Chronique du 10 juillet 1999 (2)

C’est en rentrant du Feu de Braise, restaurant local que je te conseille, car il ne pratique pas la flambée des prix, et dont je brûle de te raconter l’histoire, que l’idée m’est venue de me pencher sur le cas Bonnet, préfet flambeur de Corse, à propos duquel, tu en conviendras, je n’ai pas voulu te parler à chaud pour éviter de te prendre à froid.

Je ne reviens pas sur l’affaire elle-même : une paillote-restaurant qui flambe, des gendarmes qui se prennent les arpions dans la mêche et qui se font alpaguer comme de vulgaires pyromanes, et un préfet qui en fait tout un plat parce qu’on l’envoie refroidir dans une chambre froide de la Santé, célèbre prison trois-fourchettes de la République.

Depuis, le préfet est ressorti et chaque jour de marché apporte son lot de recettes de dessous les fagots pour dire : « c’est pas moi, c’est l’autre, le commis ; c’est le gendarme qui a pris mes désirs pour des ordres (ça fait désordre), etc, etc.

Bref ce couillon de gendarme spécialisé dans les coups fourrés – à ne pas confondre avec les petits fours -, qui a cru le préfet Bonnet tôt, trop tôt et mal.

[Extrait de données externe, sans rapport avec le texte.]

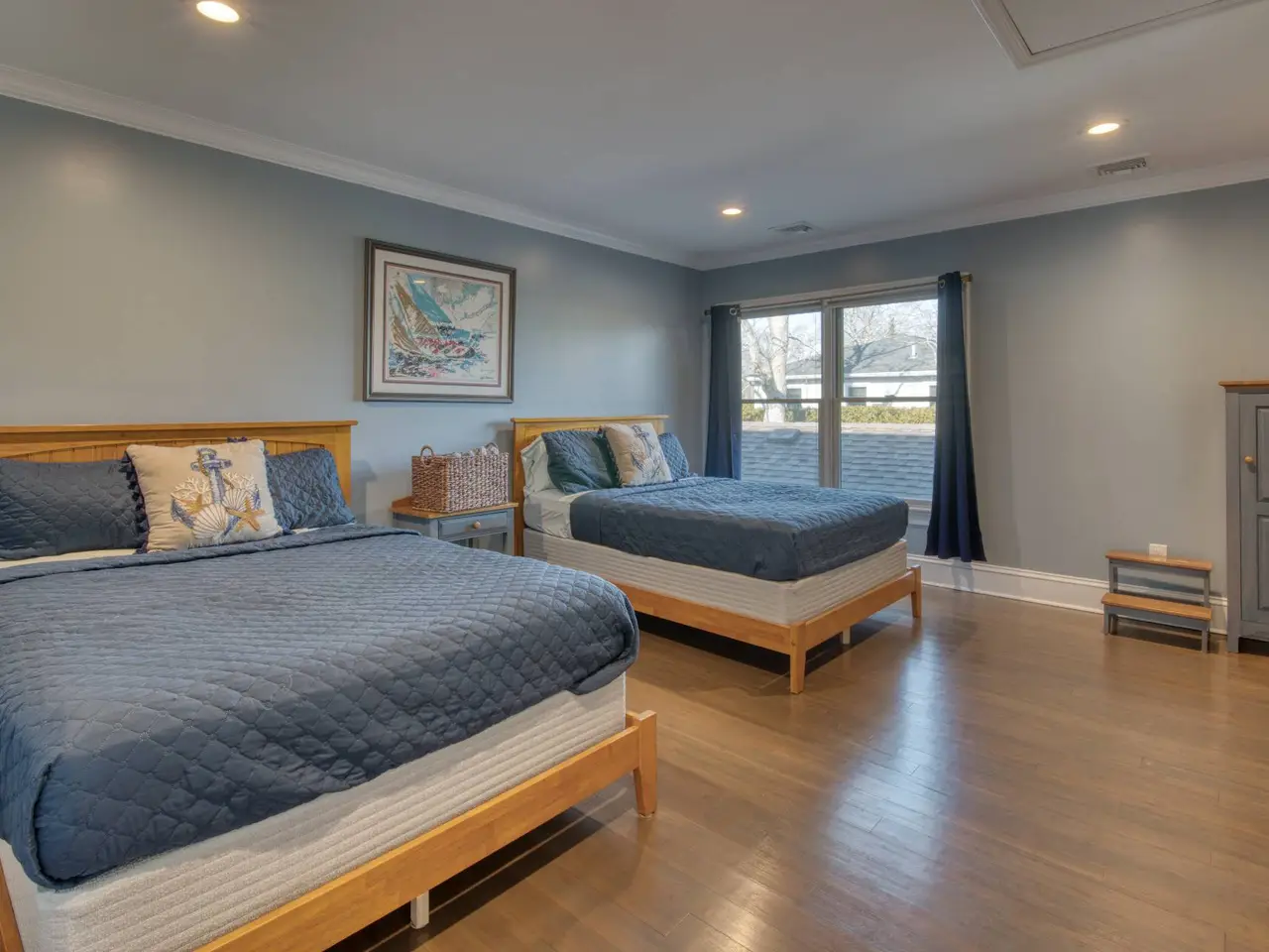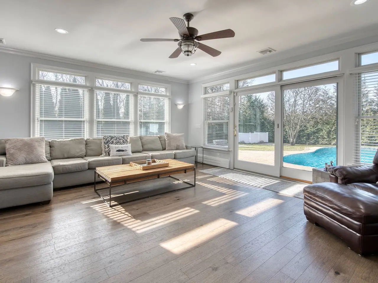 Enjoy resort-like living in this true vacation offering situated in Pine Neck Landing with a private beach. The retreat boasts six bedrooms, including two primary en suites (one on the main level), two living spaces, a chef's kitchen and dining area. The open floor plan affords a very airy and bright interior with wonderful natural light. On the second floor, there are three bedrooms, one bathroom, and a primary en suite. On the lower level is the game room with a small theater area with very comfortable seating, foosball and a professional pool table. A great place to be on a rainy summer afternoon. There is a Sonos sound system throughout the interior and exterior spaces. The home features wood flooring with tiles in the bathrooms. The outdoors is summer enjoyable with a huge free-form, heated pool surrounded by pavers, enough lawn for outdoor games, a designated fire pit area, and an outdoor enclosed shower. There are plenty of lounging areas and spaces for dining al fresco. Let's not forget the summer toys, this rental is equipped with Kayaks, paddle boards, bicycles, and a ping pong table. Don't miss viewing this excellent seasonal rental.

Car, croyant son cher Bonnet tôt, il a pu pécher par précipitation, surtout si à cause du vent, une paille s’était logée dans l’esgourde.

Ainsi aura-t-il croire faire partie d’un bonneteau, qui, ô lecteur féru d’étymologie, s’il a pu signifier au XVIIIe siècle, « petit bonnet », a pris le sens au XIXe de « jeu de filous. » Je vois que tu opines du bonnet (il fallait bien que je te la serve, surtout que tu peux la resservir, mais n’en fais pas tout un plat).

Et qui tient un jeu de bonneteau, je te le demande ? Tu as raison – j’opine à mon tour -, un bonneteur, c’est-à-dire (merci Robert) un « filou qui attire ses victimes à force de civilités ».

Bref, pour en sortir, je crois que le préfet en question – non le supplice en question n’est plus à l’ordre du jour, merci la République -, affublé d’un tel blaze, ne peut que se sentir piégé. Aussi pourrions-nous lui conseiller de se retourner contre son père, puisqu’il faut bien que quelqu’un porte le bonnet d’âne, à défaut de chapeau.

Car ce n’est pas pour rien que la pucelle d’Orléans s’appelait Jeanne d’Arc, pour dessouder l’Angliche. Et que la soudure à l’arc – précision technique, que tu soudes ou dessoudes, il faut chauffer -, ça peut mettre le feu, si l’on n’y prend garde.

Comme quoi il est toujours bon de savoir à qui l’on cause et surtout qui l’on écoute. Surtout si on entend des voix.